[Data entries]
------------------------------------------------

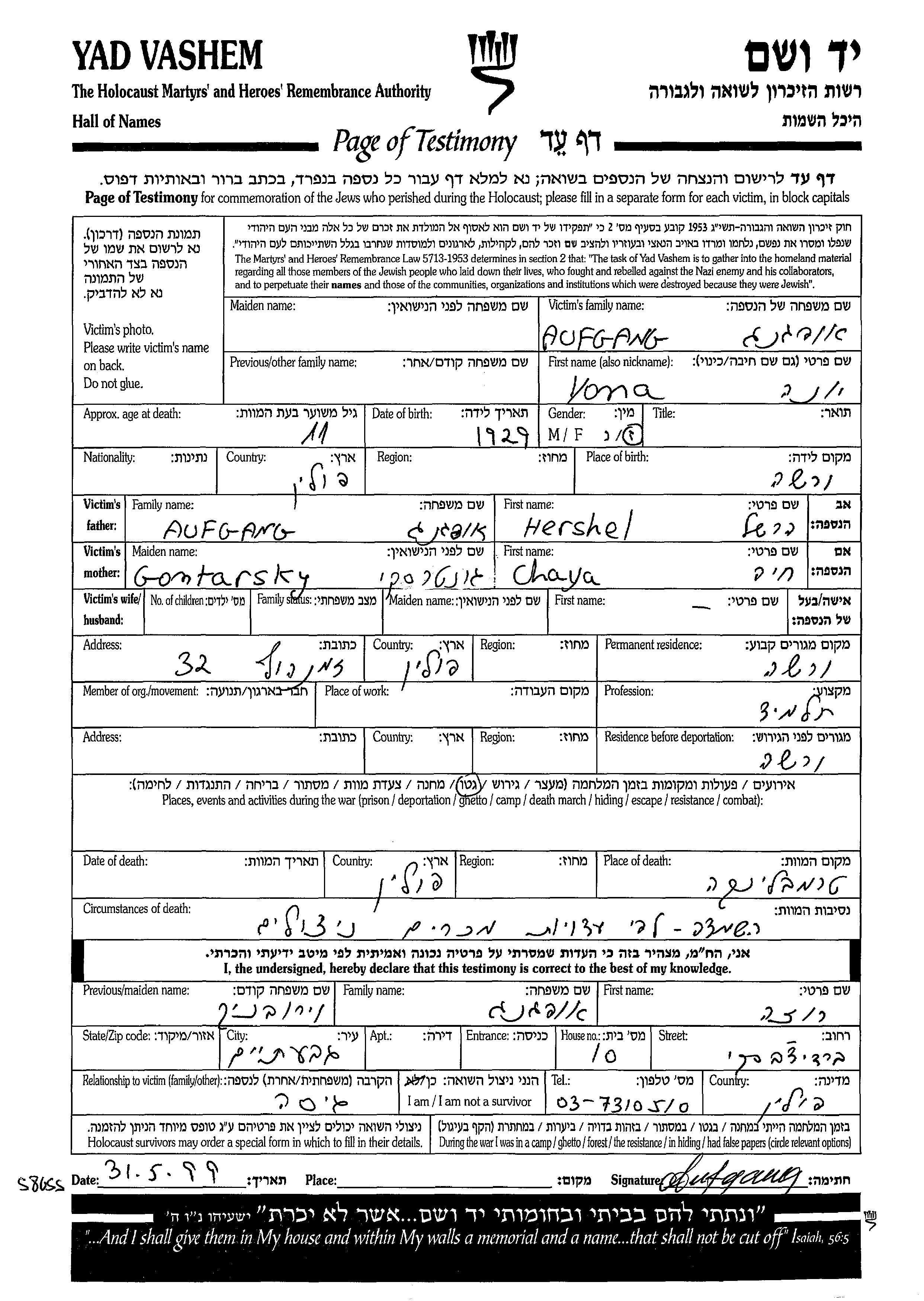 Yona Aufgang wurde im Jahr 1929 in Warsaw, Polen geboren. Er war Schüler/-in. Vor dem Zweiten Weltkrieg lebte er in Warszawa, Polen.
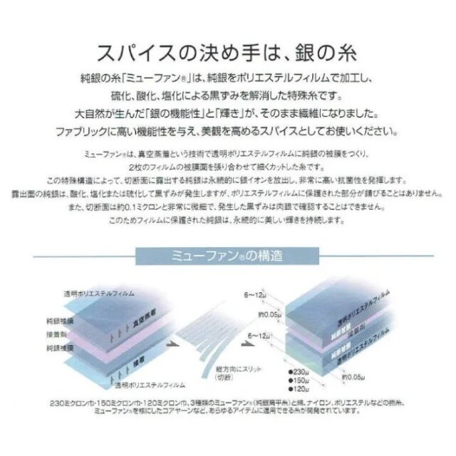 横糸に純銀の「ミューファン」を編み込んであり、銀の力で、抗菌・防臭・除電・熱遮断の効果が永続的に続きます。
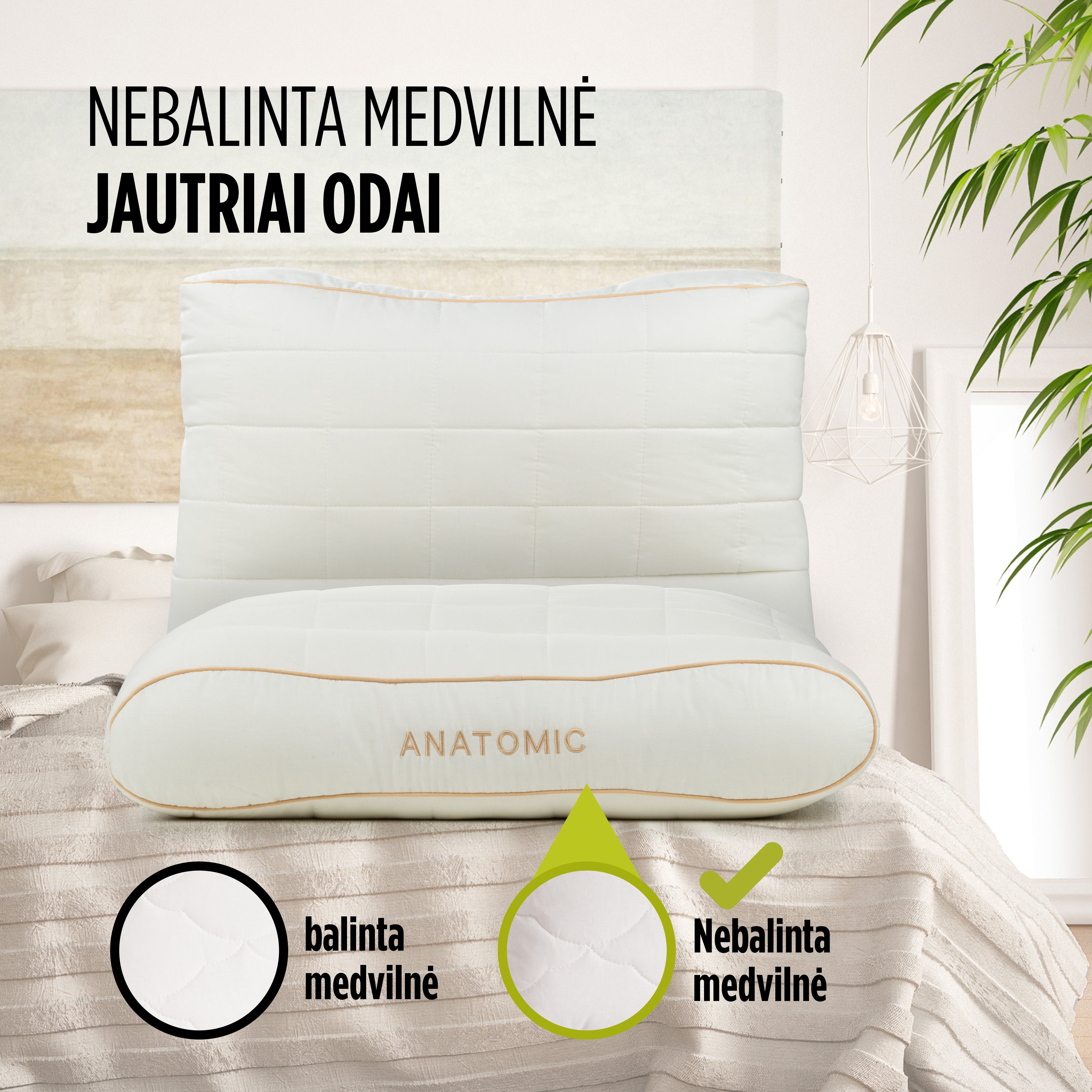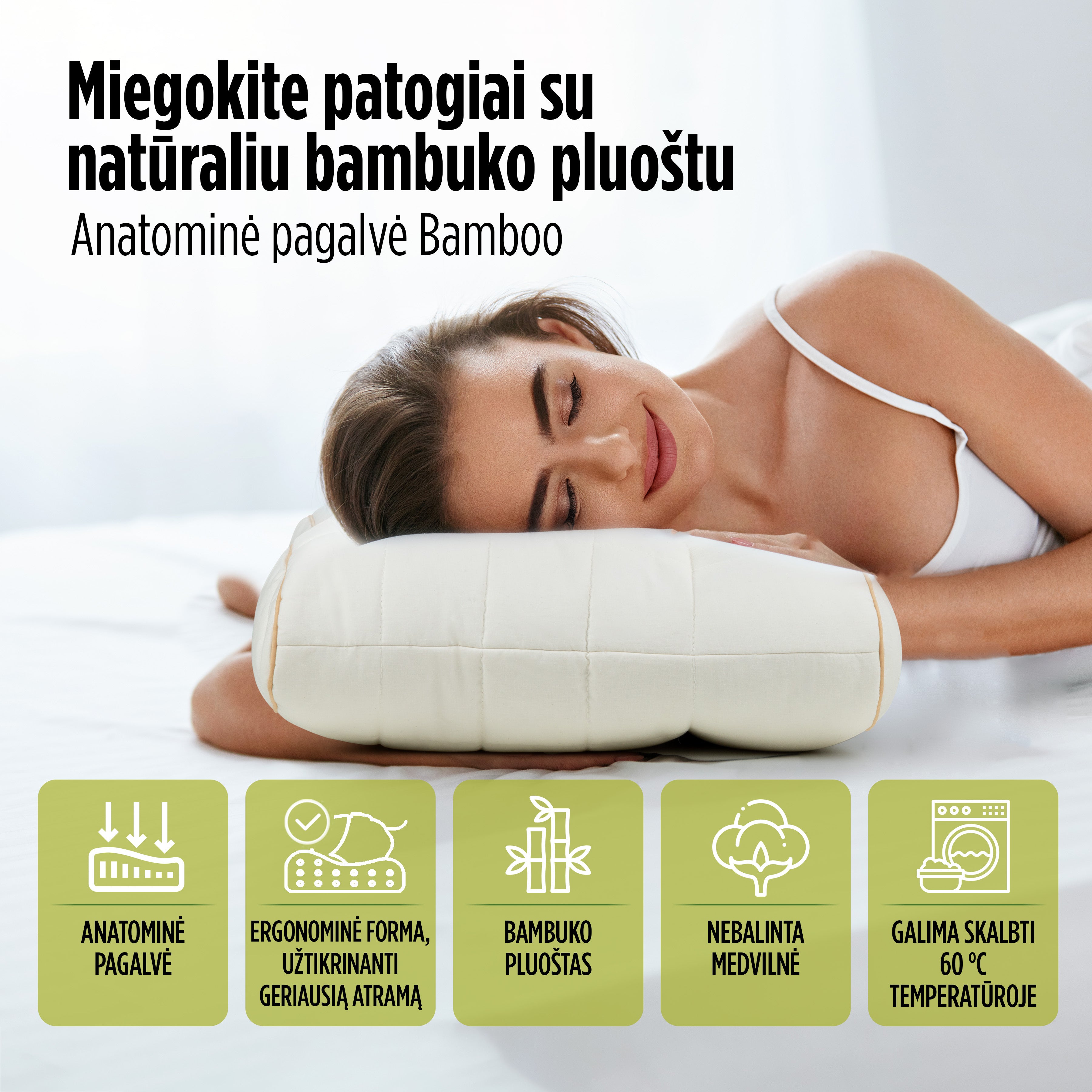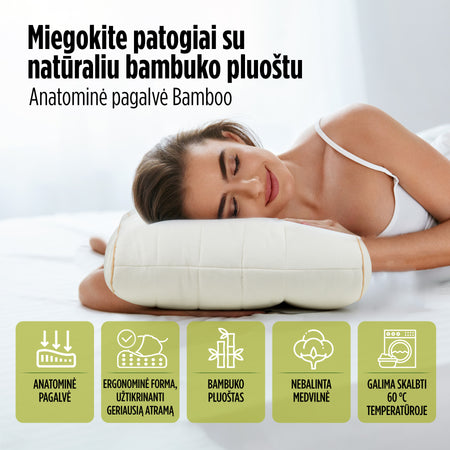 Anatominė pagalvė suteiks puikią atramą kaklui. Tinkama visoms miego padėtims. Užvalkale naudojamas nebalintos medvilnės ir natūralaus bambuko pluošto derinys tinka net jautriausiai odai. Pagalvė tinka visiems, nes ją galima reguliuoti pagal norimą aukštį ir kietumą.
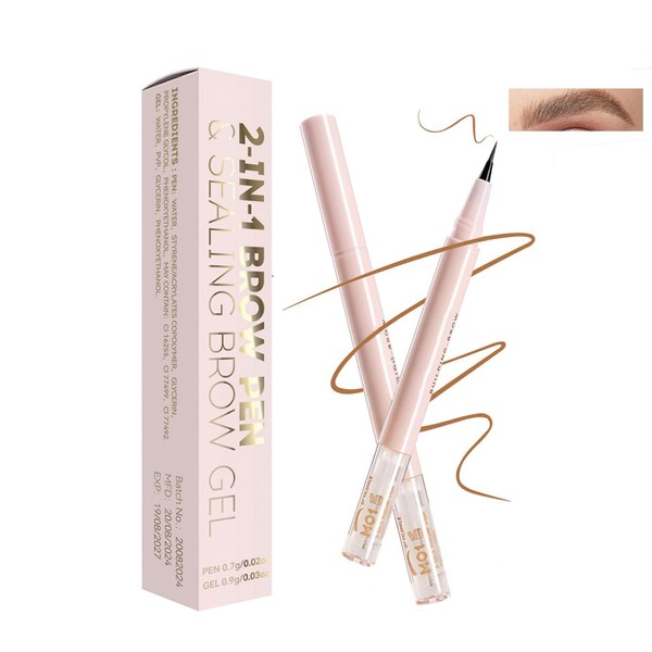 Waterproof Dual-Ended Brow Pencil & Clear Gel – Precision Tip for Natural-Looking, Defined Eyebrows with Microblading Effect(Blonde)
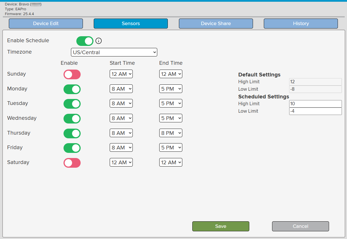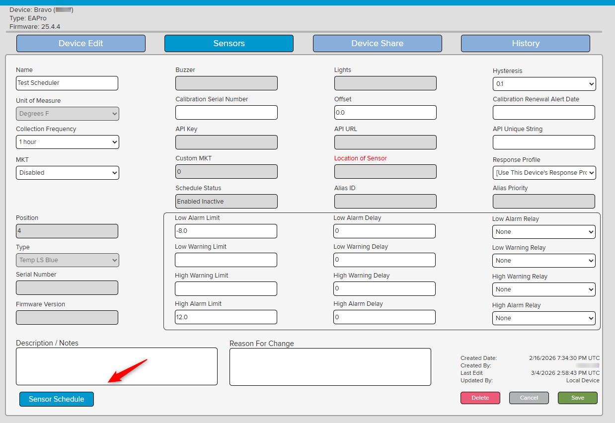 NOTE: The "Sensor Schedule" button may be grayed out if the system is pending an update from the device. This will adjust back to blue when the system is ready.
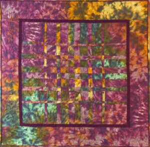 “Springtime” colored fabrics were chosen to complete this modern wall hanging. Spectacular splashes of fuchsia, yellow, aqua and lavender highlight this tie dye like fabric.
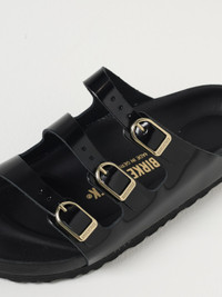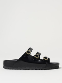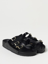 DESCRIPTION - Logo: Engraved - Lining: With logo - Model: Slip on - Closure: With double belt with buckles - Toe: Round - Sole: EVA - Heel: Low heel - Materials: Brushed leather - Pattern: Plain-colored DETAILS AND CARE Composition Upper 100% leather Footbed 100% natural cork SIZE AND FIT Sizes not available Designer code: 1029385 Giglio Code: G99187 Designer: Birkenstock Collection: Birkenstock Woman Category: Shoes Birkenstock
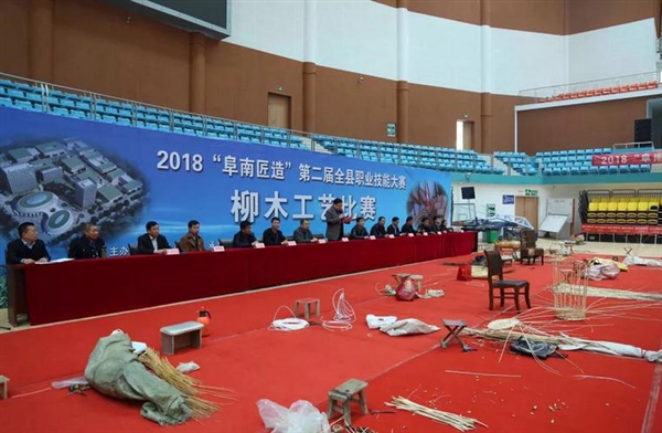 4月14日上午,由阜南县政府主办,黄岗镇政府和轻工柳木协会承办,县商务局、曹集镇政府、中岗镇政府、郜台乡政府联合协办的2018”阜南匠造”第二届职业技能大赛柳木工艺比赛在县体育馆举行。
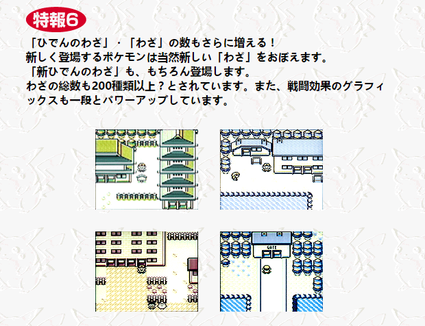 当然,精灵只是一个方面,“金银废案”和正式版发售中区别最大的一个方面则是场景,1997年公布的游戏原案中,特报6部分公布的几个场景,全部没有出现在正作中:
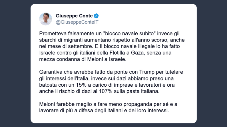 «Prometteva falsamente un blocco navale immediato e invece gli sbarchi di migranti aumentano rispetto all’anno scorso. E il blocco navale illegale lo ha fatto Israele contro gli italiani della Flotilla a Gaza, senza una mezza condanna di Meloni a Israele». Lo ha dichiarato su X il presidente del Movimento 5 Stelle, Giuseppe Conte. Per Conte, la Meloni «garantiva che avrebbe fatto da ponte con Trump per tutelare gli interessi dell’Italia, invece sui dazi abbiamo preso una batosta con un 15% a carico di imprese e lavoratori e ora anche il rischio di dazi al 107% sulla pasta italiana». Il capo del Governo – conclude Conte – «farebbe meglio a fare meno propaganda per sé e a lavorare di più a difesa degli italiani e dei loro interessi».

------------------------------------------------

Take the entries above and copy exactly the lines starting at the one with "Anatominė pagalvė suteiks" and ending at the one with "system is ready."; nothing outside that span, and no pictures.

:: Output of the exercise ::
 Anatominė pagalvė suteiks puikią atramą kaklui. Tinkama visoms miego padėtims. Užvalkale naudojamas nebalintos medvilnės ir natūralaus bambuko pluošto derinys tinka net jautriausiai odai. Pagalvė tinka visiems, nes ją galima reguliuoti pagal norimą aukštį ir kietumą.
 Waterproof Dual-Ended Brow Pencil & Clear Gel – Precision Tip for Natural-Looking, Defined Eyebrows with Microblading Effect(Blonde)
 NOTE: The "Sensor Schedule" button may be grayed out if the system is pending an update from the device. This will adjust back to blue when the system is ready.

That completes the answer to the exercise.